Vatican City, . (AKI) – A delegation of Chaldean bishops launched an appeal to Pope Benedict XVI on Thursday to call for a general synod or church council to create a strategy to prevent Christians from leaving the region.
“The Holy See should think of a general synod for the Middle East for these Christians as these already take place in Asia, Africa and Latin America,” said the Chaldean archbishop of the Iraqi city of Kirkuk Luis Sako.
Sako said the church should deal with this problem rapidly before all Christians leave the region.
It is urgent “that the church takes a clear position in regards to the problems, (of the Christian community in the Middle East) otherwise Christians will leave this land,” said Sako.
Sako also stressed that all “Eastern” churches work together with the Vatican to look at issues such as interfaith dialogue with Islam and the role of Christians in politics among others.
“We need the closeness of the church. We have the feeling of being isolated and forgotten,” he said.

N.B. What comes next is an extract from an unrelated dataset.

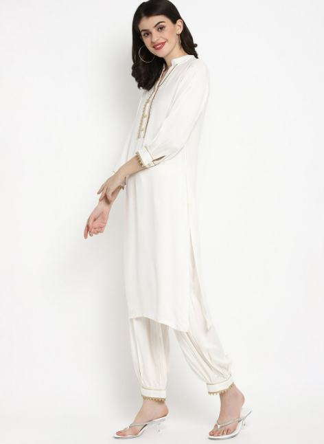 White Yoke Design Kurta with Dhoti Pants & Dupatta -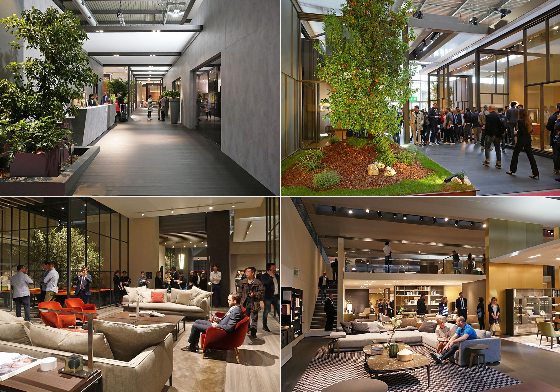 VIP用エリアは空いていてゆっくり見て座る事は出来ますが、一般用エリアは混んでいて、座る事も見る事もなかなかできません。私はプレスカウンターで申請して、中でゆっくり写真を撮り座る事は出来たのですが、ミノッティではいつもの広報担当が辞めてしまい、日本の代理店を通せと入らせてもらえませんでした。そこで、一般用エリアに入ったのですが、人混みの中で製品を見る事は出来ませんでした。この手法を取るブースの中には、VIP用のエリアが一般の倍の広さの所もあり、本当に今の飛行機の中のビジネスクラスのようです。ブランドの中には展示ブースをガラス張りにして、その外で展示だけは見られる所もあり、中にいて写真を撮っていると、ガラス外からの視線を感じ、動物園の動物になったような気持ちになりました。混雑している一般ブースを見ると入れて良かったと優越感にも浸れますが、なんだか人を差別してるようで、デザイナーとしては、複雑な気持ちになります。でも、この人出では、商談など売上げに直結する見本市会場では購入していただくお客様をより大切にする事は仕方ないかなとも思います。

Sako also said the church should make its presence felt in the area, something that Muslims also benefit from.
“There is an absence of the church in the area. We need to remember that the church is not only prayer and liturgy.
“Even our Muslim brothers expect something from us, and we are there to help them understand pluralism,” he said.
On behalf of the rest of the delegation, Sako said the problems of the Christians are the same in Lebanon and Palestine. For this reason, all bishops from the region – with the help of the Vatican – must tackle a series of issues together, he argued.
Sako concluded by saying that in the last few years, there has been more than 500 Iraqi Christian ‘martyrs’ who have been killed.
The delegation was composed of the deputy Chaldean bishop of Baghdad, Shlemon Warduni, and two Syriac-Catholic Iraqi bishops, Georges Casmoussa and Matti Matoka.
The Chaldean Catholic Church is one of the oldest Christian churches in the world, but hundreds of thousands of Christians have been forced to flee Iraq to escape the violence and the economic crisis caused by the war.